(Stored entries)
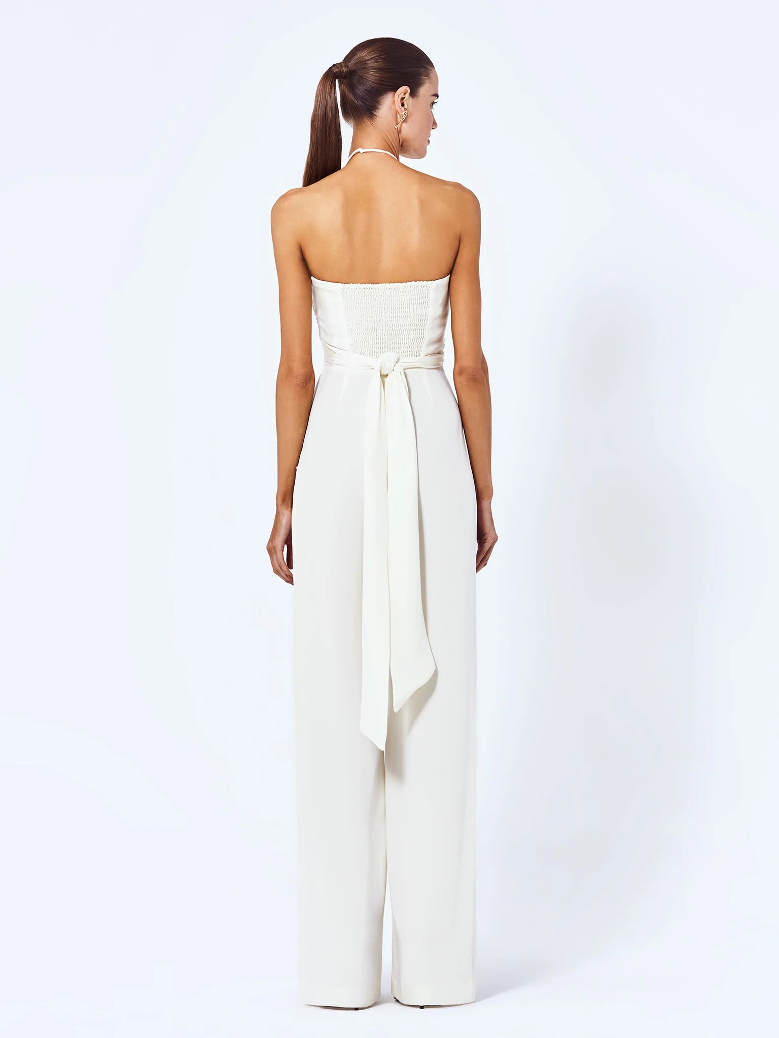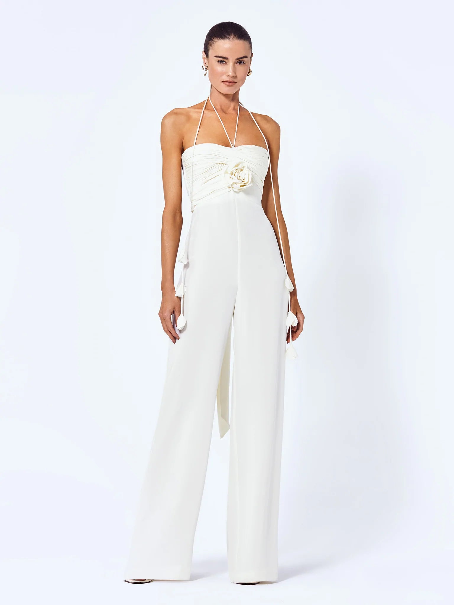 Elegant and chic, our Katalia jumpsuit features a delicate rose at the center and petal details on the ties. Pair yours with dainty gold jewelry and sandals for an elevated look for any special occasion.
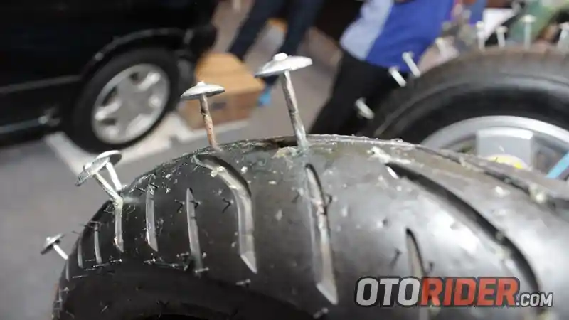 Jangan bingung kalau ketemu dengan ban motor yang tertancap banyak paku pada salah satu stand di GIIAS 2016. Bukan korban ranjau paku, tapi inilah trik PT Tetsan Maju Bersama yang berada di hall 2 D37-D38. TMB yang memproduksi cairan untuk ban IML ikut menyemarakkan acara GIIAS yang berlangsung mulai dari tanggal 11 hingga 21 Agustus 2016. Nah ban yang penuh paku tadi tidak kempes, lho. Karena sudah diberikan Super Tyre Sealant.
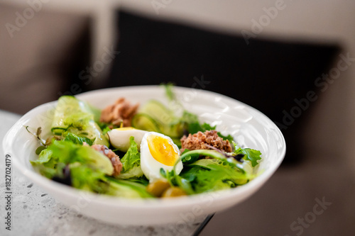 Freshly made Niçoise salad with tuna, boiled egg halves, cucumber, olives, and greens in a white bowl. Healthy, appetizing, natural lighting, nobody
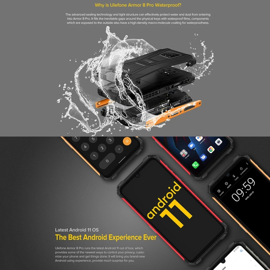 Смартфон Ulefone Armor 8 Pro на Android 11, экран 128 дюйма, 8 ГБ + 6,1 ГБ
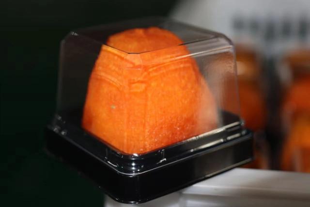 因此,当富平流心冰柿出现,同时具有鲜柿和柿饼的特点,既有新鲜柿子的柔软,又有柿饼的韧性,果实匀称又流心,透润软糯有蜜香。
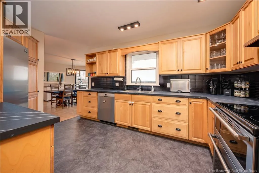 Heading towards Memramcook on Amirault turn right onto Du Portage just before the lake Are you looking to move up, to your next level of luxury? Check out this 2400 sq.ft. executive style bungalow with lake access on the outskirts of Dieppe sitting on a stunning property with amazing curb appeal. Improvements over the past few years include a chain link fence to create enclosed backyard, roofing on house and baby barns, a garage door and lift system, and a new heat pump. 2024 improvements include 20% light filtering retractable blinds in living room, luxury vinyl flooring, kitchen countertop, new interior and exterior lighting throughout, and main floor bathroom completely renovated, refinished deck, entrance platforms and stairs, installation of dedicated generator panel to provide heat and electricity during power outages, and a new water filtration system. Check out the bright and inviting open concept layout, with large windows offering breathtaking views to the countryside and of the lake. The main level offers 2 large bedrooms and a beautiful 5 piece bathroom. The large back deck offers a screen room. The basement is finished with a very large family room, another bedroom, a laundry room, a 3 pieces bathroom, two more rooms that can be used as an office, an exercise room, a library room or whatever you wish. As an added bonus you will find the loft or bedroom situated on top of the garage. Outside, the large 3.7 acres provides privacy and relaxing ambiance. Paved driveway, stone walkway. Contact me now for more information. (id:27476)
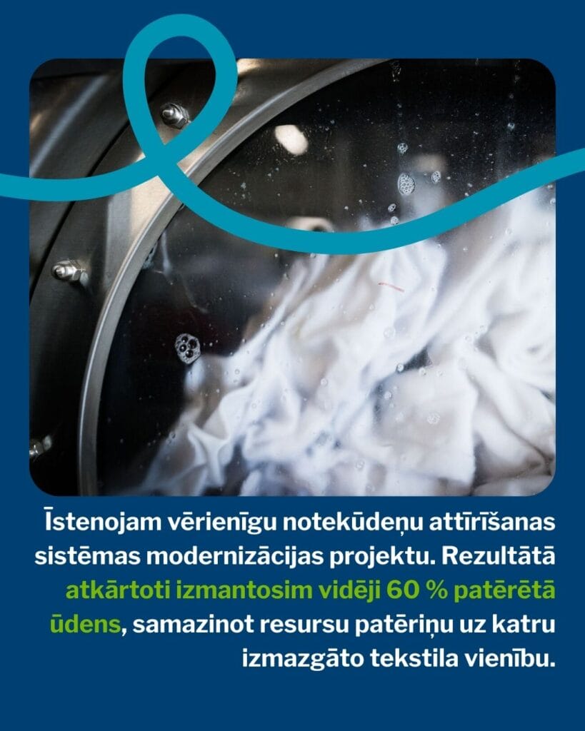 Lai šo solījumu īstenotu praksē, šogad turpinām mērķtiecīgi uzlabot energoefektivitāti, mazināt siltumnīcefekta gāzu emisijas un veicināt efektīvu notekūdeņu attīrīšanu. Viens no nozīmīgākajiem ieguldījumiem šajā virzienā ir notekūdeņu attīrīšanas sistēmas modernizācijas projekts, kura mērķis ir ievērojami samazināt ūdens patēriņu, atkārtoti izmantojot vidēji 60 % patērētā ūdens, kā arī atslogot Babītes pagasta Piņķu notekūdeņu attīrīšanas sistēmu, nodrošinot tīrāku notekūdeņu nodošanu. Projekta rezultātā ievērojami samazināsim resursu patēriņu uz katru izmazgāto tekstila vienību. Vienlaikus, lai veicinātu iekšējo procesu pilnveidi, turpinām īstenot LEAN un 5S iniciatīvas, kas vērstas uz procesu standartizēšanu un efektīvāku ikdienas darba organizāciju.
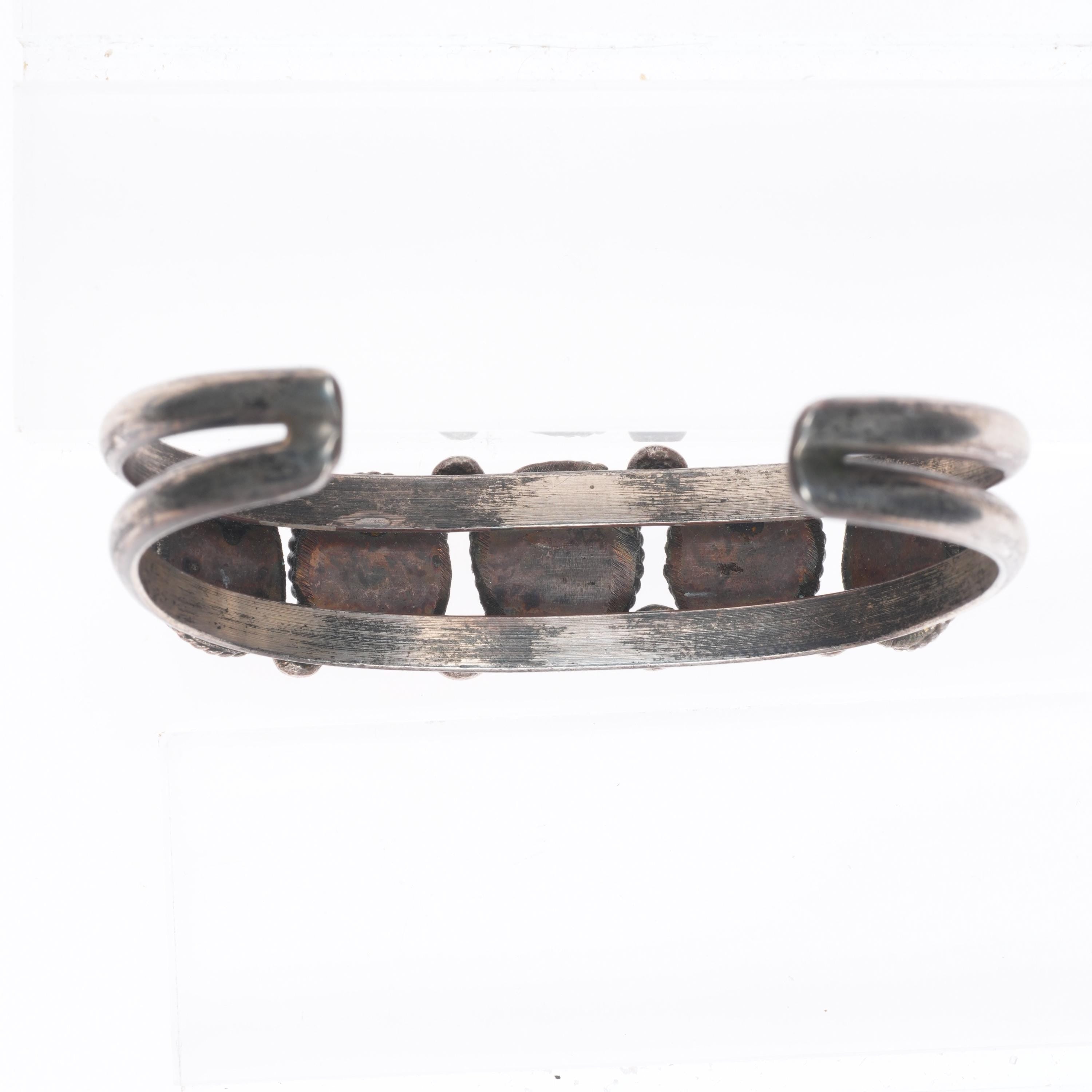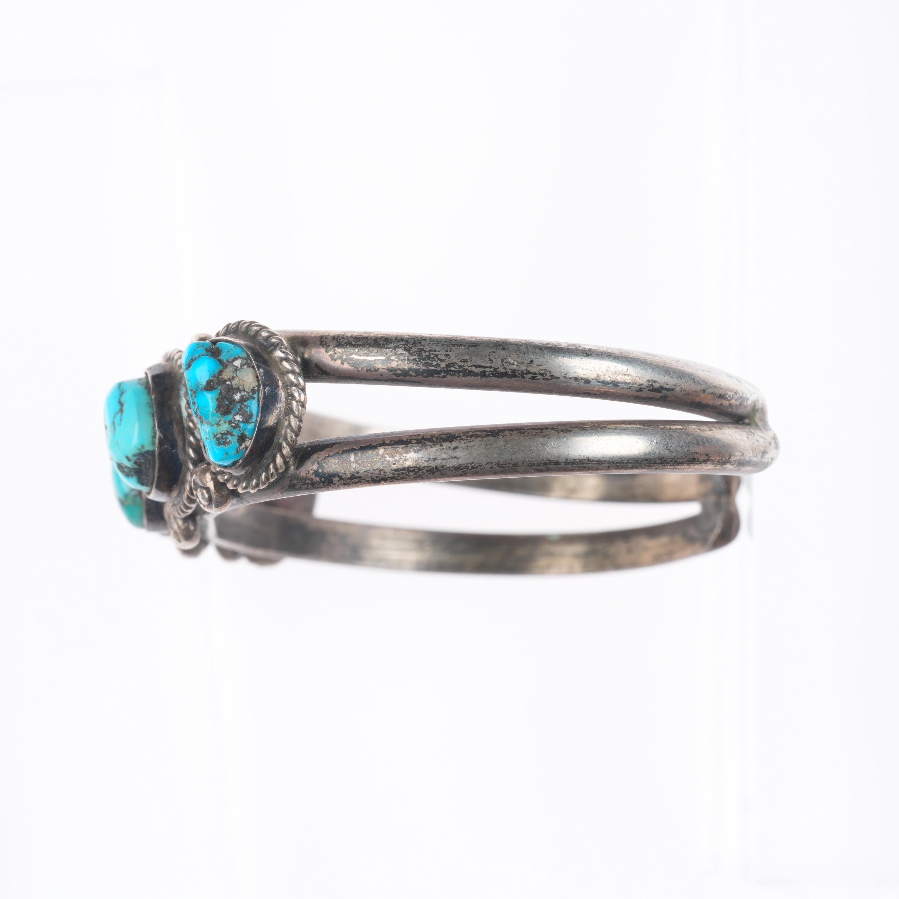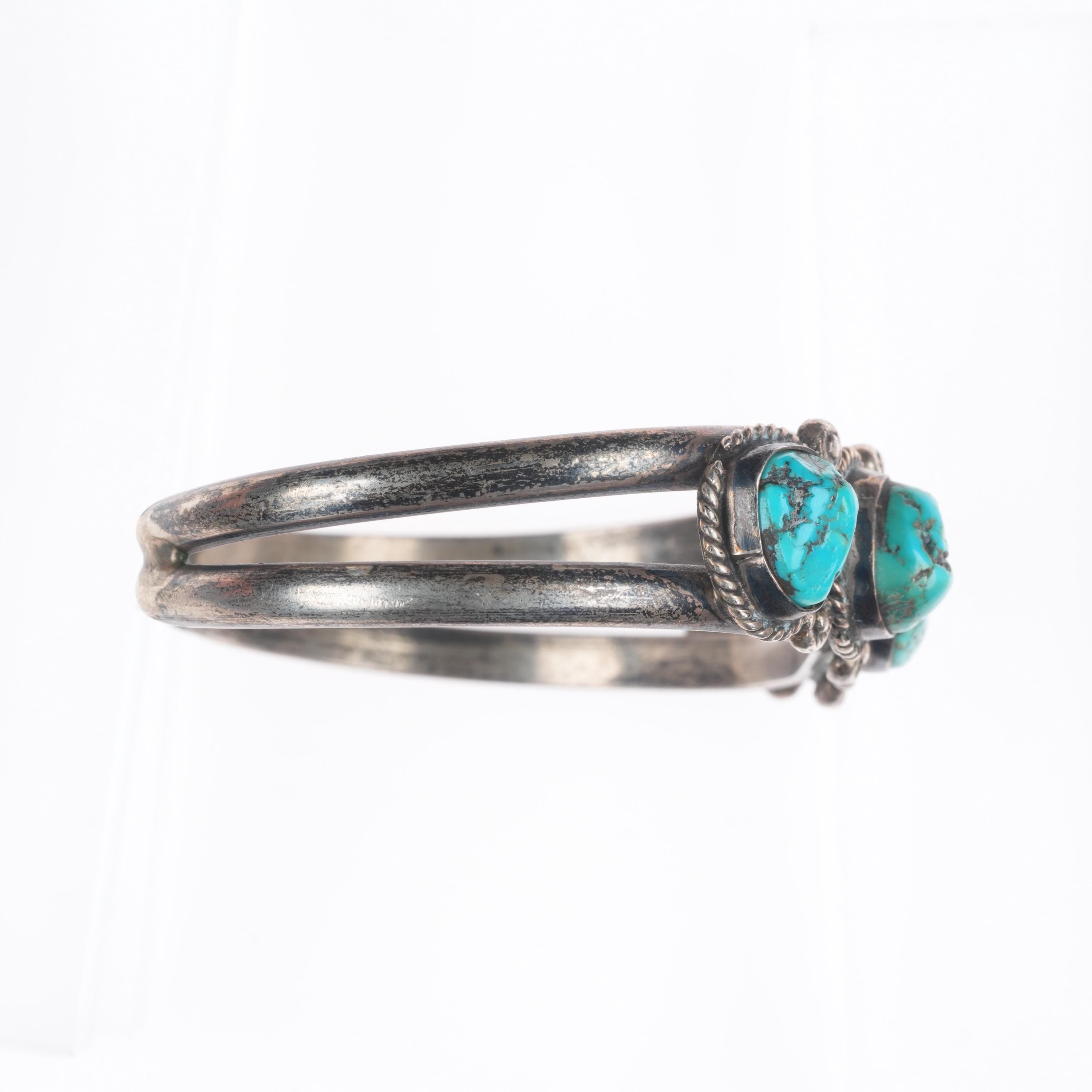 6.3" Vintage Navajo sterling silver rope bezel turquoise row cuff bracelet. Tested and guaranteed solid sterling silver, with weight and measurements in pictures, circa third quarter of the 20th century. While I'm happy to answer any questions or concerns, I beg you to take the time to look through all of the photos as they should answer them. There should be around 10 photos. If no marking is mentioned or photographed please assume that it's unmarked as is common with Native American jewelry of this era.

*WHAT THIS TASK INVOLVES:* Copy all the entries word for word. Omit any pictures.

*WRITTEN ANSWER:*
 Elegant and chic, our Katalia jumpsuit features a delicate rose at the center and petal details on the ties. Pair yours with dainty gold jewelry and sandals for an elevated look for any special occasion.
 Jangan bingung kalau ketemu dengan ban motor yang tertancap banyak paku pada salah satu stand di GIIAS 2016. Bukan korban ranjau paku, tapi inilah trik PT Tetsan Maju Bersama yang berada di hall 2 D37-D38. TMB yang memproduksi cairan untuk ban IML ikut menyemarakkan acara GIIAS yang berlangsung mulai dari tanggal 11 hingga 21 Agustus 2016. Nah ban yang penuh paku tadi tidak kempes, lho. Karena sudah diberikan Super Tyre Sealant.
 Freshly made Niçoise salad with tuna, boiled egg halves, cucumber, olives, and greens in a white bowl. Healthy, appetizing, natural lighting, nobody
 Смартфон Ulefone Armor 8 Pro на Android 11, экран 128 дюйма, 8 ГБ + 6,1 ГБ
 因此,当富平流心冰柿出现,同时具有鲜柿和柿饼的特点,既有新鲜柿子的柔软,又有柿饼的韧性,果实匀称又流心,透润软糯有蜜香。
 Heading towards Memramcook on Amirault turn right onto Du Portage just before the lake Are you looking to move up, to your next level of luxury? Check out this 2400 sq.ft. executive style bungalow with lake access on the outskirts of Dieppe sitting on a stunning property with amazing curb appeal. Improvements over the past few years include a chain link fence to create enclosed backyard, roofing on house and baby barns, a garage door and lift system, and a new heat pump. 2024 improvements include 20% light filtering retractable blinds in living room, luxury vinyl flooring, kitchen countertop, new interior and exterior lighting throughout, and main floor bathroom completely renovated, refinished deck, entrance platforms and stairs, installation of dedicated generator panel to provide heat and electricity during power outages, and a new water filtration system. Check out the bright and inviting open concept layout, with large windows offering breathtaking views to the countryside and of the lake. The main level offers 2 large bedrooms and a beautiful 5 piece bathroom. The large back deck offers a screen room. The basement is finished with a very large family room, another bedroom, a laundry room, a 3 pieces bathroom, two more rooms that can be used as an office, an exercise room, a library room or whatever you wish. As an added bonus you will find the loft or bedroom situated on top of the garage. Outside, the large 3.7 acres provides privacy and relaxing ambiance. Paved driveway, stone walkway. Contact me now for more information. (id:27476)
 Lai šo solījumu īstenotu praksē, šogad turpinām mērķtiecīgi uzlabot energoefektivitāti, mazināt siltumnīcefekta gāzu emisijas un veicināt efektīvu notekūdeņu attīrīšanu. Viens no nozīmīgākajiem ieguldījumiem šajā virzienā ir notekūdeņu attīrīšanas sistēmas modernizācijas projekts, kura mērķis ir ievērojami samazināt ūdens patēriņu, atkārtoti izmantojot vidēji 60 % patērētā ūdens, kā arī atslogot Babītes pagasta Piņķu notekūdeņu attīrīšanas sistēmu, nodrošinot tīrāku notekūdeņu nodošanu. Projekta rezultātā ievērojami samazināsim resursu patēriņu uz katru izmazgāto tekstila vienību. Vienlaikus, lai veicinātu iekšējo procesu pilnveidi, turpinām īstenot LEAN un 5S iniciatīvas, kas vērstas uz procesu standartizēšanu un efektīvāku ikdienas darba organizāciju.
 6.3" Vintage Navajo sterling silver rope bezel turquoise row cuff bracelet. Tested and guaranteed solid sterling silver, with weight and measurements in pictures, circa third quarter of the 20th century. While I'm happy to answer any questions or concerns, I beg you to take the time to look through all of the photos as they should answer them. There should be around 10 photos. If no marking is mentioned or photographed please assume that it's unmarked as is common with Native American jewelry of this era.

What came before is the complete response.